Usually, jitter does not matter as long as the required response times are satisfied. For applications that require more precision and have a low tolerance to jitter, the use of time-based control is preferred. Time-based control techniques may enable faster, more precise production of parts. Refer to the IEEE 1588 standard for guidance on implementing time-based control in new equipment and systems.

In a time-based approach, an association is made between input and output events and time. It becomes an integral function of the control system and its algorithms. In such a system, the input events are time-stamped and output events are scheduled. The control system knows when the input was sampled and can determine when the output should be actuated. The output device can schedule the output to actuate at the predetermined time. The only jitter sources for this system are those associated with accurately time-stamping inputs and outputs.

Case in point
For example, in a non-time-based, high-speed conveyor diverter application, individually manufactured parts travel along a conveyor at a constant rate of speed. Ideally, the system identifies individual parts as they move down the conveyor, performs on-the-fly analysis of the parts to determine if they are defective, and then triggers actuation downstream to reject the defective parts. However, if the resolution of the control system does not match the speed of the conveyor system, the wrong part or more than one part will be rejected.

Here is how the application would work using time-based control. When the photoelectric eye detects a part, a time stamp is recorded indicating the time that the part was detected. The controller sends the inspection system a time-stamped schedule to signal when the part should be inspected. The controller then sends the diverter system a time-stamped schedule to signal when a defective part should be diverted. For this case, the maximum speed of the system is limited by the delays through the system from input to output. The maximum speed and parts per minute are calculated as follows:

Part resolution = 12.4 msec jitter
Maximum speed = 1/12.4 = ~80 parts per second
Maximum ppm = 80 * 60 = 4800 parts per minute

Jitter delays are confined to the electrical and mechanical delays for input detection and output actuation devices. Only the transport delays, the time it takes a data packet to go from point A to point B, become a factor. System precision is limited to the transfer delays, and the time-stamping and scheduling accuracies of the respective input and output devices. A time-based control mechanism can improve system operation performance ten-fold because it eliminates jitter sources: the processing speeds of input, control, and output devices.

1588 for industrial control
The IEEE 1588 standard is based on the Open Device Net Vendor Association (ODVA) standard and defines a point-to-point (PTP) configuration for devices compliant with ODVA supported networks. The ODVA adoption of 1588 is referred to as the common industrial protocol (CIP) Sync.

CIP Sync supports version 2 of the 1588 standard and specifies the same set of defaults as the Delay Request/Response Default PTP Profile in the 1588 standard. These defaults satisfy most industrial application requirements for distributing time throughout the control system.
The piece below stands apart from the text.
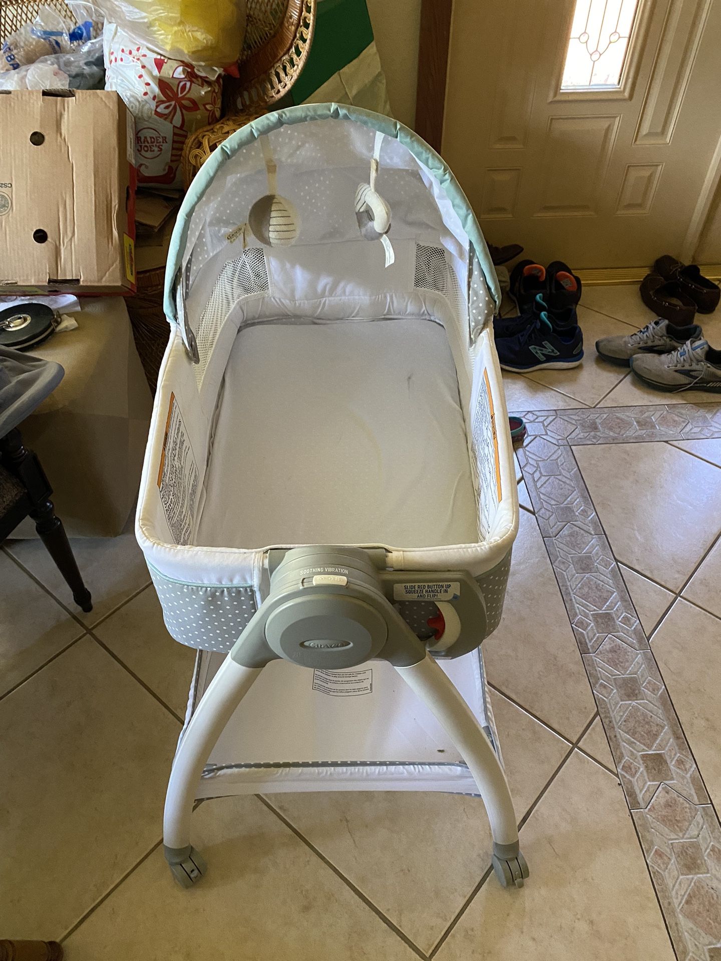 Dream Suite is a reversible bassinet and changer, all-in-one! Now parents can have a dedicated sleep and changing space for baby conveniently located in their room. The cozy bassinet soothes baby with 2-speed vibration, allows air flow and visibility with mesh sides, blocks light with the canopy, and entertains with soft toys. The changer features easy to wipe clean fabric and can be used up to 30 lbs. - even after baby no longer sleeps in the bassinet. The large storage basket keeps baby's essentials close by and the wheels make the bassinet easy to move to keep baby close by. • Complete bedside care center features reversible bassinet and changer all-in-one • Extended use changer allows for more diaper changes, up to 30 lbs. • With two speeds of vibration to choose from, you can find just the right setting to soothe baby • With two speeds of vibration to choose from, you can find just the right setting to soothe baby • With four locking wheels the bassinet can be effortlessly maneuvered throughout the home allowing baby to be wherever you are

The mechanisms suitable for implementing clocks over industrial networks include multicast messaging, sync updates in the one-second range, and the delay request-response path measurement mechanism.
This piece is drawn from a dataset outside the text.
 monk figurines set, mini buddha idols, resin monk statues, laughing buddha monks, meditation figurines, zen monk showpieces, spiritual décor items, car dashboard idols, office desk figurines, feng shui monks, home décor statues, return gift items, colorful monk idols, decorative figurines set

Many I/O devices will implement the 1588 hybrid clock. This clock satisfies long linear distributed applications where daisy-chained connections are preferred over star connections, and reduces wiring and switch requirements. These applications may be as simple as distributing devices along a robot arm or as complex as distributing devices along a quarter-mile paper mill application.

Global positioning system (GPS) clocks are best applied where precise time of day is required or subsystems are distributed over a large geographical area. However, a controller or a switch with a hand set clock is sufficient for many applications.

Time-based control is preferred for applications that require precision and a low tolerance to jitter.

For switches and routers that implement transparent clocks, the end-to-end (E2E) method is preferred over the peer-to-peer (P2P) for best interoperability in non-homogenous systems. P2P works only with P2P devices. Most systems will contain both 1588 and non-1588 compliant switches.

The CIP Sync profile supports PTP clock domain zero for simple device and system implementation and operation. Grandmaster devices such as controllers and GPS clocks should use the PTP Alternate Time Scale option. This option distributes local time zone and daylight savings time throughout the factory floor. For clock backup and redundancy, the normal operation of the Best Master Control Algorithm (BMCA) will suffice for most applications. Backup grandmasters may use the PTP grandmaster clusters option for faster switch over time.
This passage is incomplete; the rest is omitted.